We just need to show there exists an integral value of $k > 0$ such that $2k^2-4k, 2k^2+1, 2k^2+4k$ belong to the interval $[n, 2n]$. This is mere algebra, and the knowledge that $n \geq 100$. The bound on $100$ is very gentle.

Claim: for each $n$, there exists an integer $X$ such that $2X^2-4X$ and $2X^2 + 4X$ are both numbers written on some card. Proof: In algebra, we claim that there exists an $X$ such that $n \leq 2X^2 - 4X$ and $2X^2 + 4X \leq 2n$. Rewriting this in the quadratic formula, we just need to find an integer between $1 + \sqrt{1 + \frac{n}{2}}$ and $-1 + \sqrt{1+n}$. We can manually verify a bunch of $n$ close to $100$ to see that this is always possible, and for larger $n$ the sizes don't compare. So, for some integer $X$, Ivan writes down $2X^2 + 4X$, $2x^2 - 4X$ and $2X^2 + 1$. Pairs of these numbers sum to $(2X-1)^2$, $(2X)^2$ and $(2X+1)^2$; two of these three numbers must clearly be in the same group, so we have a perfect square.

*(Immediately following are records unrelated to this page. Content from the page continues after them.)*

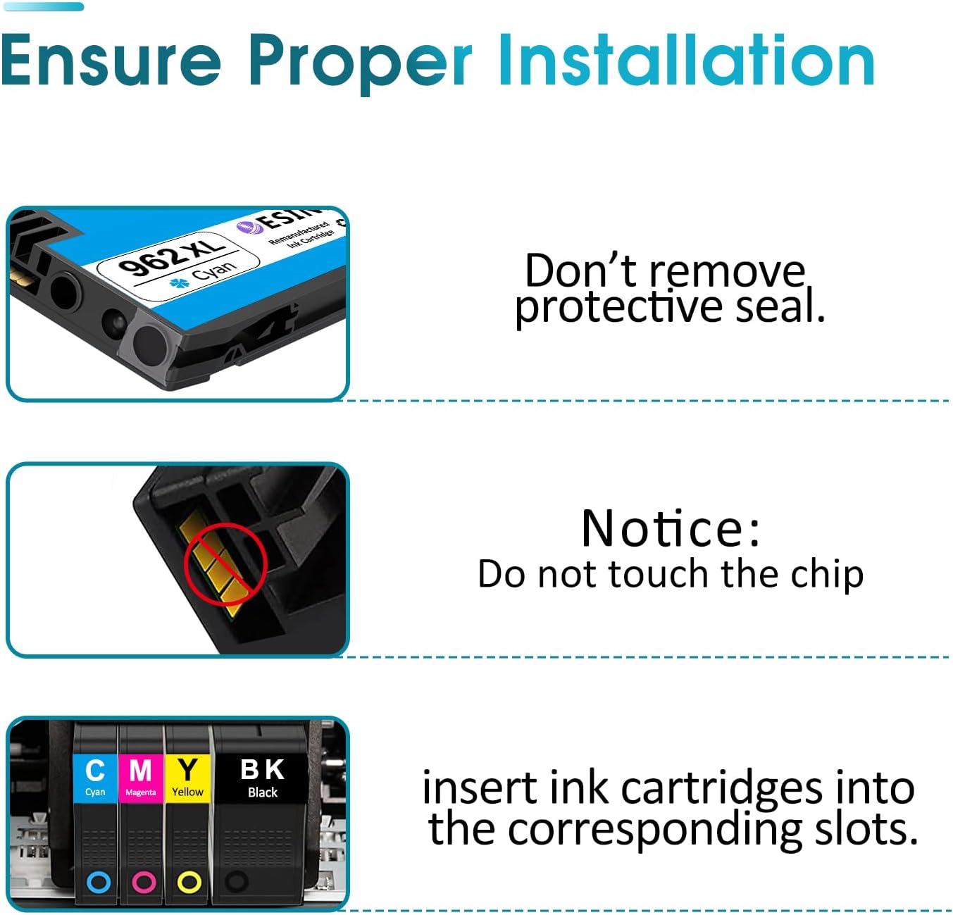 • Package Contents: Compatible for hp 962 962xl Ink Cartridge Combo Pack ( 1 Black,1 Cyan,1 Magenta,1 Yellow).
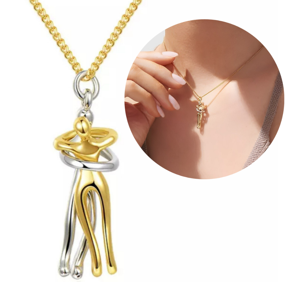 O pingente simboliza o casal unindo-se através de um abraço apaixonado.
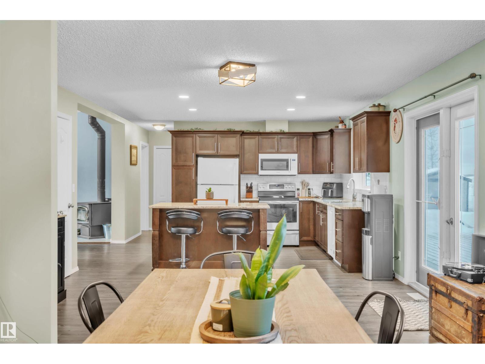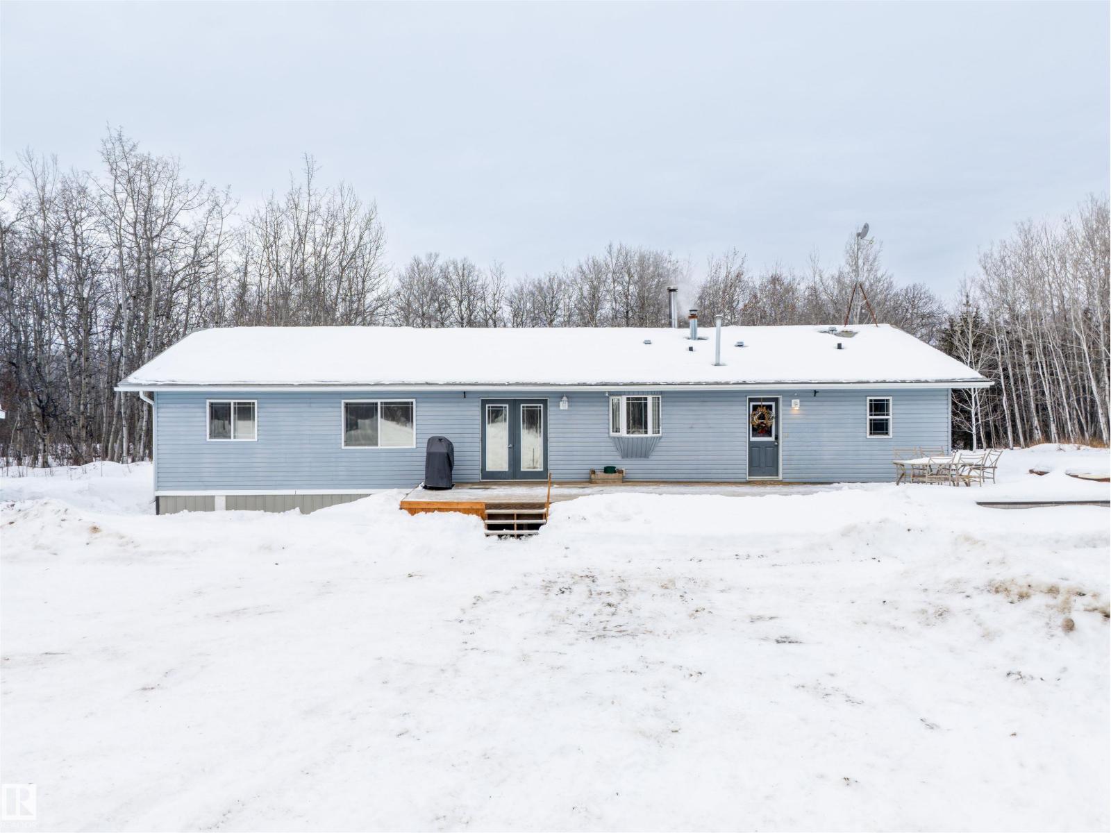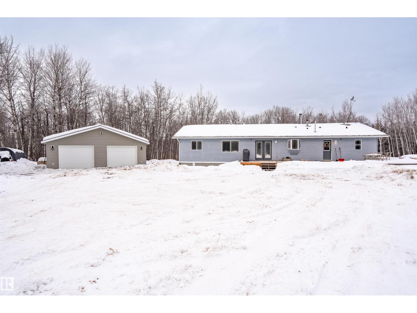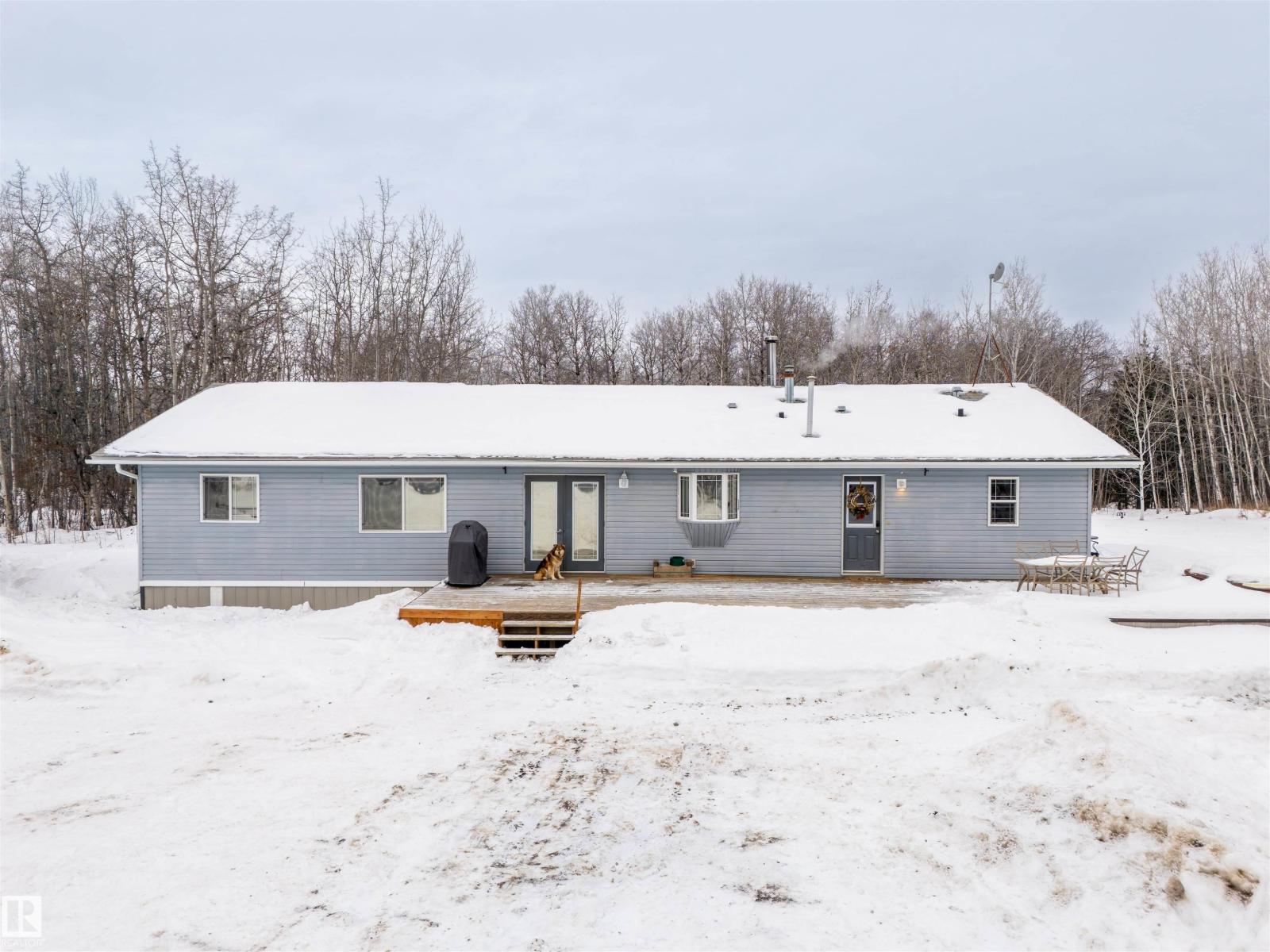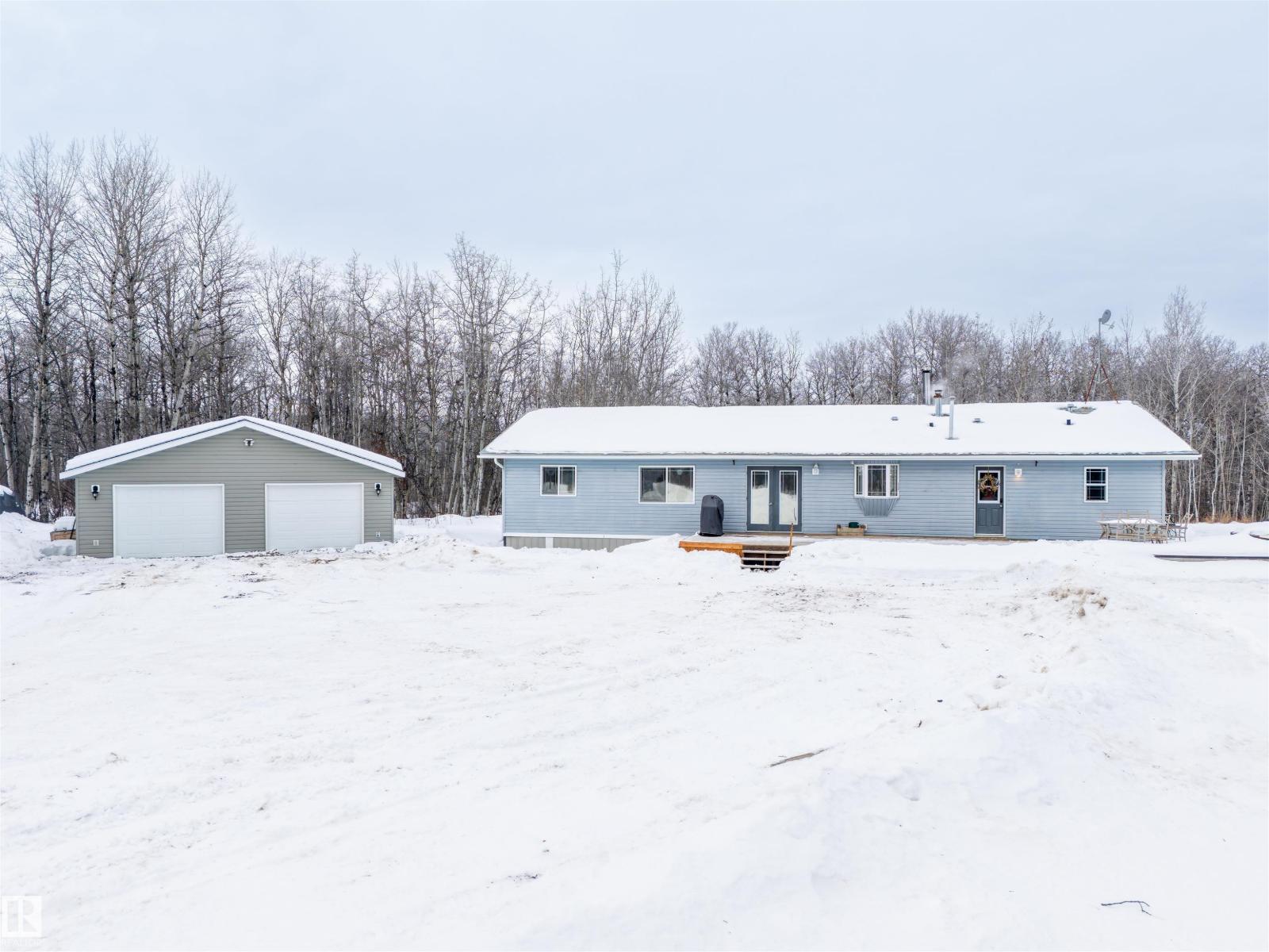 This inviting open-concept 1965 sq ft home offers a perfect blend of warmth, functionality, and modern style. The kitchen features rich dark cabinetry, light granite countertops and a central island with seating—ideal for everyday living and entertaining. Open to the kitchen, the spacious dining area easily accommodates a large table and flows seamlessly into the bright living room. Large patio doors fill the space with natural light and provide outdoor access, while a cozy wood-burning stove adds warmth and character. The layout comfortably fits full-sized furnishings and creates a welcoming atmosphere throughout. The large primary bedroom includes a full ensuite for added comfort and privacy. Situated on 4.81 acres, this property offers peaceful country living in a private setting, ideally located just minutes from the Cold Lake oil patch and Imperial Oil / Esso operations. An oversized double detached garage provides excellent storage and workspace. (33752915)

Observe that if we had a symmetric system of equations \begin{align*} a + b &= p^2 \\ b + c &= q^2 \\ c + a &= r^2 \\ \end{align*}with solutions $a, b, c$, we must have by the pigeonhole principle that two of these numbers are in the same pile, and hence sum to a square. Solving for $a, b$ and $c$ yield the solutions $(p^2 + r^2 - q^2)/2, (p^2 + q^2 - r^2)/2, (r^2 + q^2 - p^2)/2$. We now have $p,q$ are odd and $r$ is even, and so by way of virtue, we may suppose that $p = 2k + 1, q = 2k - 1,$ and $r = 2k$ for some integer $k$. Then we obtain $a = 2k(k + 2), b = 2k^2 + 1, c = 2k(k-2)$. Thus we must have \[n < 2k(k-2) < 2k^2 + 1 < 2k(k + 2) < 2n.\] This is equivalent to \[\frac{2 + \sqrt{4+2n}}{2} < k < \sqrt{n+1} - 1.\]Therefore we must show that $\sqrt{1+n} - (2 + \sqrt{4 + 2n})/2 - 1 \geq 1$, which gives us $n \geq 100$, as desired. $\blacksquare$

Claim: For $n\geq 100$ there exists a $k$ such that $n\leq 2k^2-4k,2k^2+1,2k^2+4k\leq 2n$. Proof. One can check that $k=9$ works for $100\leq n \leq 126$. Then, fix $k$, note that \[2(2(k-1)^2-4(k-1)+1)\geq 2k^2+4k \iff 2k^2-20k+6\geq 0\]is true for $k\geq 10$. This takes care of $2(k-1)^2-4k+1\leq n \leq 2k^2-4k$ proving the claim. $\blacksquare$ This finishes since any two of $2k^2-4k,2k^2+1,2k^2+4$ sum to a perfect square.

we can easily see that the total possible sums of two cards are $2n+1, 2n+2, \ldots, 4n-1$ given that $n \geqslant 100$, there should be at least five perfect squares in the range $[2n+1,4n-1]$ out of the five perfect squares, at least two are odd and at least two are even. if no matter what one of the piles has two cards such that the sum of their numbers is a perfect square, then we have $x+y=a^2$, $y+z=b^2$, and $z+x=c^2$. there exists a solution to that system of equations if $a^2+b^2+c^2$ is even since $a^2$, $b^2$, and $c^2$ are among the five or more perfect squares in the range $[2n+1,4n-1]$, we can have $a^2$ and $b^2$ be odd and $c^2$ be even. thus, there exists $(x,y,z)$ that satisfy $x+y=a^2$, $y+z=b^2$, and $z+x=c^2$, and therefore no matter how the cards are shuffled, at least one of the piles contains two cards that sum to a perfect square.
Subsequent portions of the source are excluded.